Prompt
What is needed is an exact repetition of the lines below, from the first one through the one holding "На 17-м чемпионате мира по тхэквондо. 2011 г.", with no pictures and nothing else.

(Data records)
■ ■ ■ ■ ■

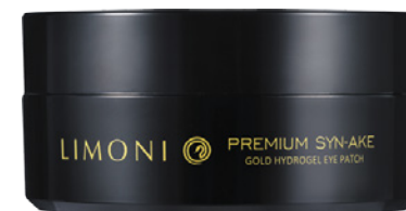
PREMIUM SYN-AKE GOLD HYDROGEL EYE PATCH

Антивозрастные гелевые патчи для век со змеиным ядом
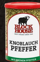
Knoblauch Pfeffer, Dose Art.-Nr. 12159 Inhalt 200 g
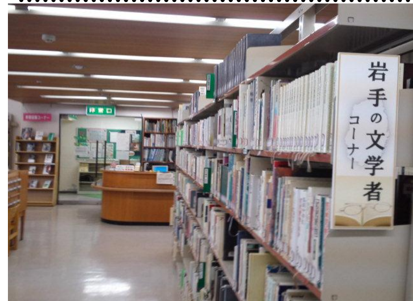
【図書室 岩手の文学者コーナー】
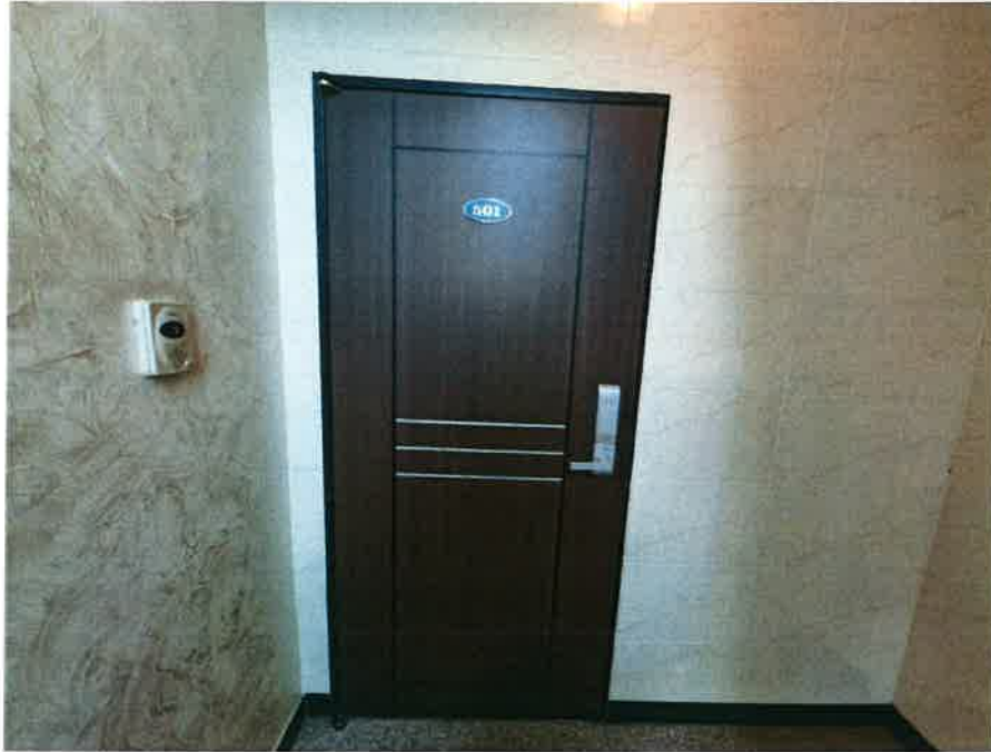
본건 현관문 전경
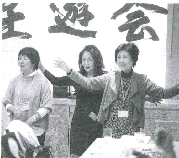
最後は全員が輪になってばんば踊り
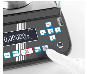
Ioniser (included) can be activated at the touch of a button
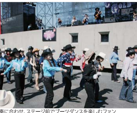
演奏に合わせて、ステージ前でブーツダンスを楽しむファン
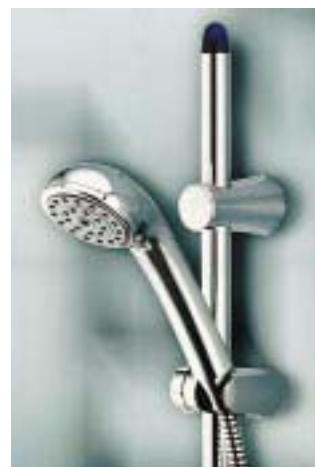
V-Wandstange von Kludi für unterschiedliche Bohrlochabstände

Kludi 58706 Menden Telefon (0 23 73) 90 41 70 Telefax (0 23 73) 90 43 04
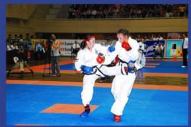
На 17-м чемпионате мира по тхэквондо. 2011 г.
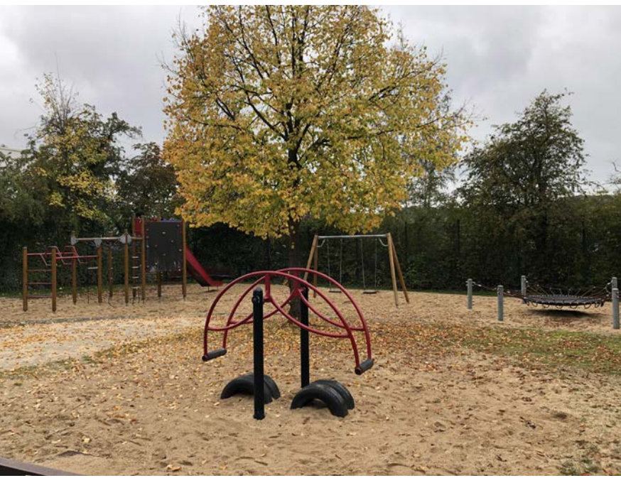
28 Der Spielplatz verfügt über ein vielfältiges Spielangebot. Außerdem wird der Spielplatz als Aneignungsfläche von Jugendlichen genutzt.
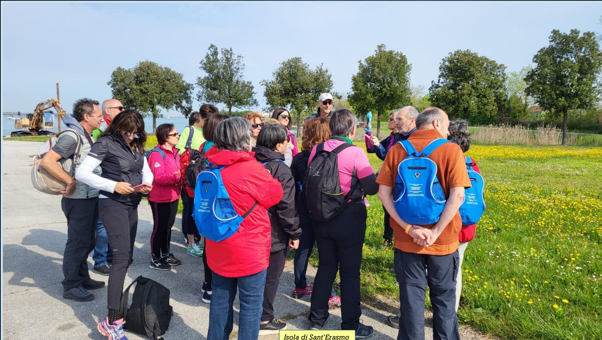
Isola di Sant'Erasmo
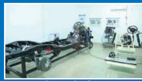
මෝටර් රථ කාන්තෘ විද්‍යාගාරය
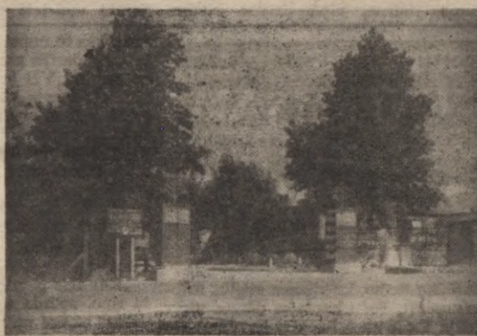
„Straumēnu” nometnes galveno ieejas vārti

Tā viņi dzīvo, šie vietuļnieki, šie klusie varoņi. Tie negrib, ka par viņiem raksta vai runā. Kas ir patiess viņu draugs, lai atbrauc pats un visu apskata viņi saka. — Ikviens te ir mīļš un gaidīts viesis, un tiks uzņemts ar īsti latvisku viesmīlību. Gu — gs
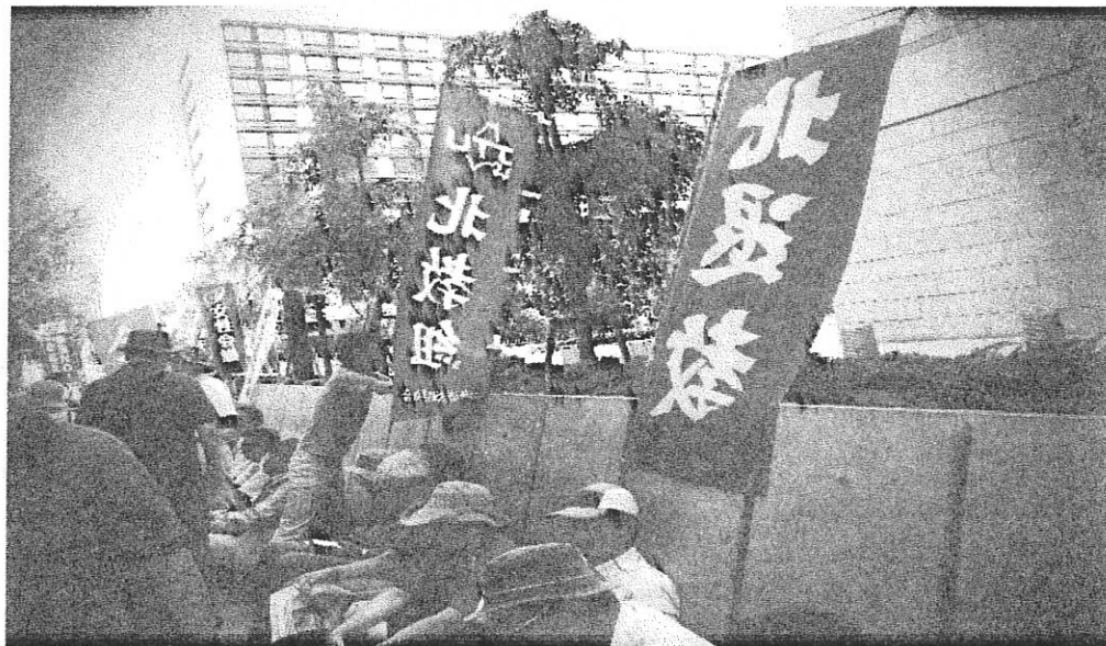
国会前に座り込む北退教（「北教」北退教版7・8参照）6月24日

いよいよ闘いは正念場です！ 全力を挙げ教え子を戦場に送 らないため頑張りましょう！
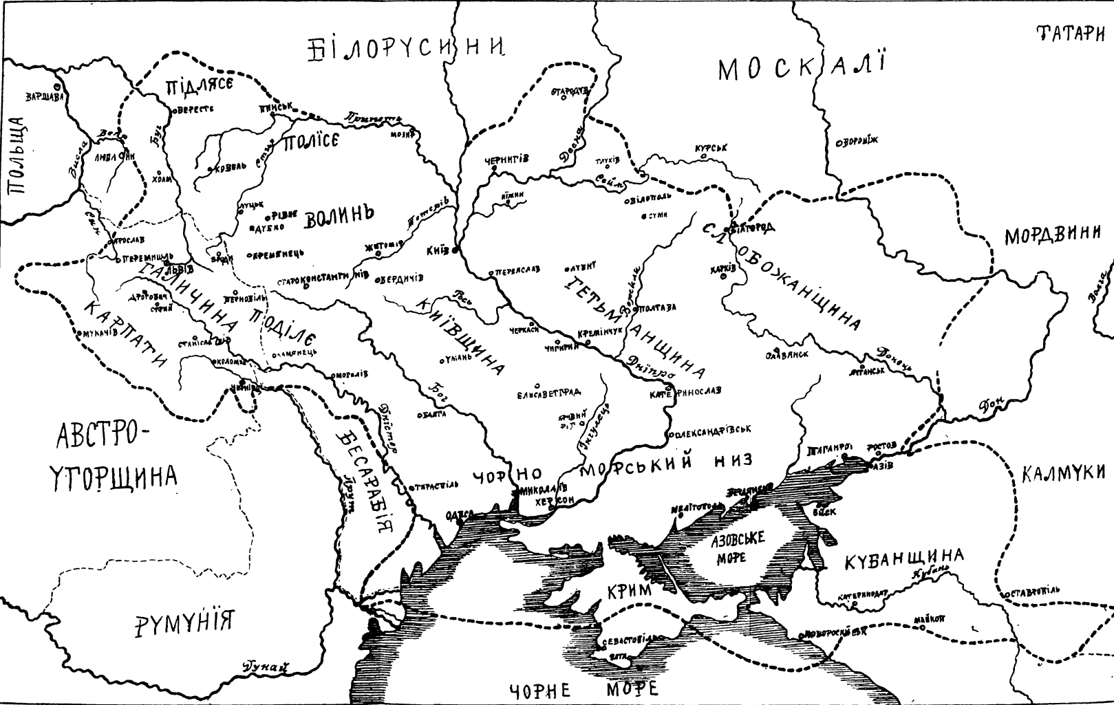
ЗЕМЛІ ЗАСЕЛЕНІ УКРАЇНЦЯМИ.
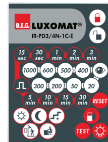
IR-PD3/4N-1C-E Número: 93110

Bateria: 3.0 V lítio CR2032 (incluída) Dimensões: 80 x 60 x 8 mm Cor do material: -
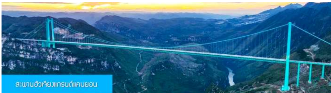
สะพานฮัวเจียงแกรนด์แคนยอน

พักที่ WINDHAM HOTEL โรงแรมระดับ 4 ดาวท้องถิ่นในเมืองอันชุ่น
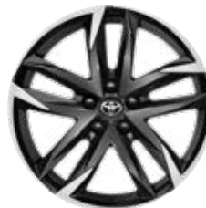
19" GR SPORT könnyűfém keréktárcsa (10 dupla küllős) Széria a GR SPORT modellváltozaton
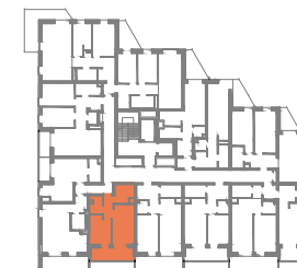
UL. GEN. MADALIŃSKIEGO
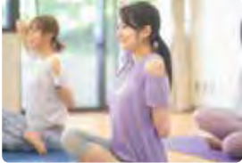
| ヨガ・ストレッチ
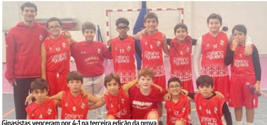
Ginastas venceram por 4-1 na terceira edição da prova

Os minis-12 do Ginásio Figueirense bateram este fim-de-semana a AAC, no III Torneio Pedro Frazão, vencendo três dos quatro períodos e empatado o outro. No final o resultado cifrou-se em 4-1, uma vez que em caso de empate, cada equipa pontua um ponto. Foi um jogo
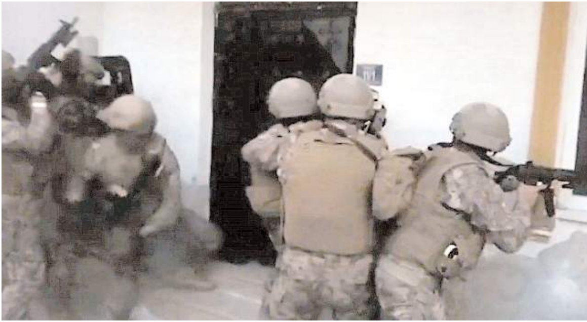
Operasyon 78 ilde yapıldı.

Ağrı, Burdur, Düzce, Giresun, Siirt, Sivas, Karabük, Kırıkkale, Zonguldak, Iğdır, Nevşehir, Tokat, Uşak, Van, Amasya, Erzincan, Kilis, Niğde, Rize, Trabzon, Yozgat, Artvin, Bingöl, Bolu, Çankırı, Karaman, Kırşehir, Tunceli, Adıyaman, Ardahan, Bartın, Bilecik, Bitlis, Kars ve Şırnak olmak üzere toplam 78 ilde evlerde, iş yerlerinde ve yol aramalarında yapılan 'MERCEK-9' operasyonlarında bin 230 ruhsatsız tabanca ve 163 ruhsatsız kurusıkıdan çevrilmiş tabanca olmak üzere toplam bin 393 tabanca yakalandı. İlk 5 şehirlerimizde yakalanan ruhsatsız silahlar ile gözaltına alınan şüpheliler ise şöyle; İstanbul'da 322 tabanca, 23 uzun namlulu tüfek ele geçirildi. 471 şüpheli gözaltına alındı. İzmir'de 92 tabanca ele geçirildi. 138 şüpheli gözaltına alındı. Adana'da 85 tabanca ele geçirildi. 101 şüpheli gözaltına alındı. Bursa'da 52 tabanca, 2 uzun namlulu tüfek ele geçirildi. 76 şüpheli gözaltına alındı. Şanlıurfa'da 56 tabanca, 2 av tüfeği ele geçirildi. 59 şüpheli gözaltına alındı. Operasyonları gerçekleştiren Kahraman Jandarmamız ve Kahraman Emniyetimizi tebrik ediyorum. Allah ayaklarına taş değdirmesin. Milletimizin duası sizinle. Ruhsatsız silah temin edenlerle ve silah kaçakçılarıyla mücadelemiz kararlılıkla sürecek." (İHA)
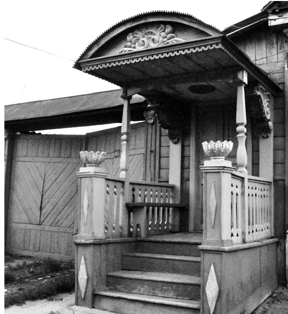
Рисунок 4 – Крыльцо в г. Каракол (конец XIX – начало XX в.). Фото автора, 2016 г.

Богаче всего украшались окна. Окна переселенческих жилищ конца XIX начала XX века украшены богатыми наличниками. Верхняя перекладина наличника – очелье, как правило, шире других элементов, украшалось разным декором, в зависимости от сложности оно делилось на несколько составных частей (рисунок 3). В древнеславянской мифологии окна служили местом проникновения в дом невидимых злых духов, приносивших болезни и несчастья. Часть узоров вокруг окна носит магический-заклинательный характер, призванный служить барьером для нежелательных сил. Также в узорах чувствуется влияние самых различных источников, начиная с простых геометрических,
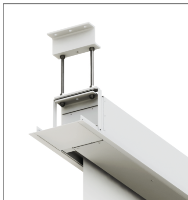
Vestavbový rám a projekční plochu lze montovat nezávisle
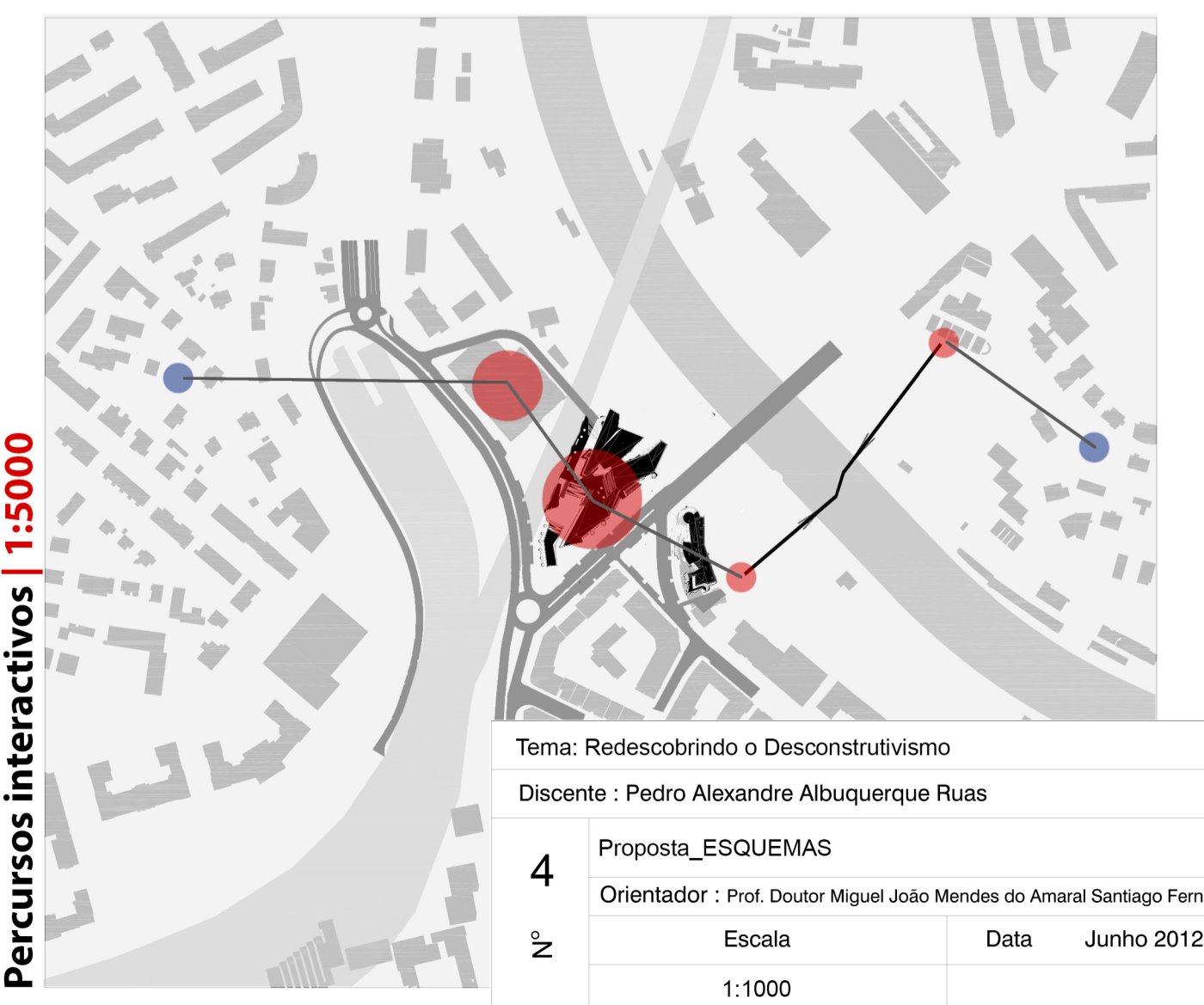
Percurso interactivos | 1:5000
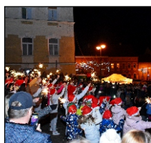
Rozsvícení vánočního stromku zachytil na krásných fotografiích pan Jan Scháněl.
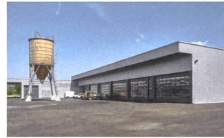
4 Werkhof, 2016
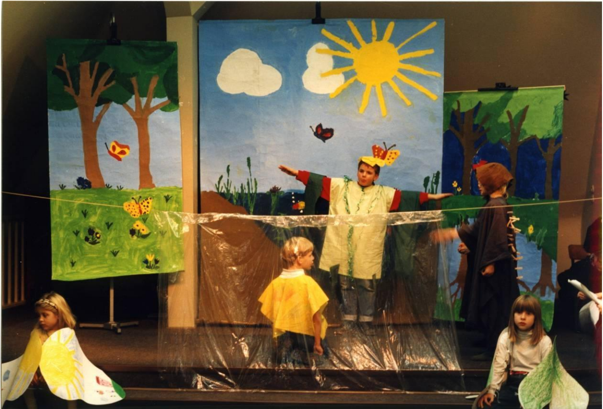
Die kleine Igelin spricht mit dem Fisch
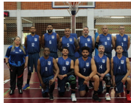
FDSESP - SP
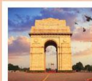
♡♡ India Gate
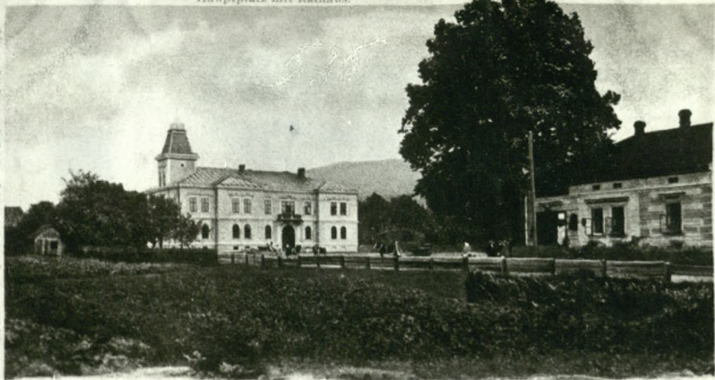
Ustron a. d. Weichsel, Moor- Schlamm- u. Wellenbad, ältest. Molkencur i. d. schles. Beskiden.
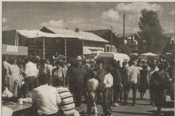
Potniki muzejskega vlaka in drugi obiskovalci na Kapeli.

dja, vina in drugih pridelkov. Pripravili so seveda tudi kulturno-zabavni program, v katerem so nastopili učenci OŠ Kapela in Ansambel Alfija Nipiča.
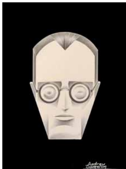
Reproducció de les caricatures de Dolores Ibarruri i Joan Comorera
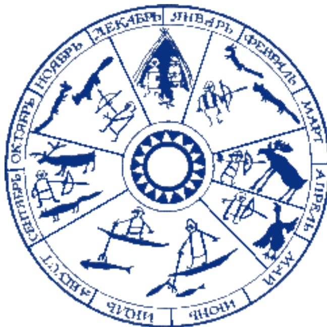
Рис. 4. Годовой цикл жизни эвенков 18-19 веков

Ещё в 18-19 веках эвенки жили по собственному годовому циклу:

■ ■ ■ ■ ■

Solution below
PREMIUM SYN-AKE GOLD HYDROGEL EYE PATCH

Антивозрастные гелевые патчи для век со змеиным ядом
Knoblauch Pfeffer, Dose Art.-Nr. 12159 Inhalt 200 g
【図書室 岩手の文学者コーナー】
본건 현관문 전경
最後は全員が輪になってばんば踊り
Ioniser (included) can be activated at the touch of a button
演奏に合わせて、ステージ前でブーツダンスを楽しむファン
V-Wandstange von Kludi für unterschiedliche Bohrlochabstände

Kludi 58706 Menden Telefon (0 23 73) 90 41 70 Telefax (0 23 73) 90 43 04
На 17-м чемпионате мира по тхэквондо. 2011 г.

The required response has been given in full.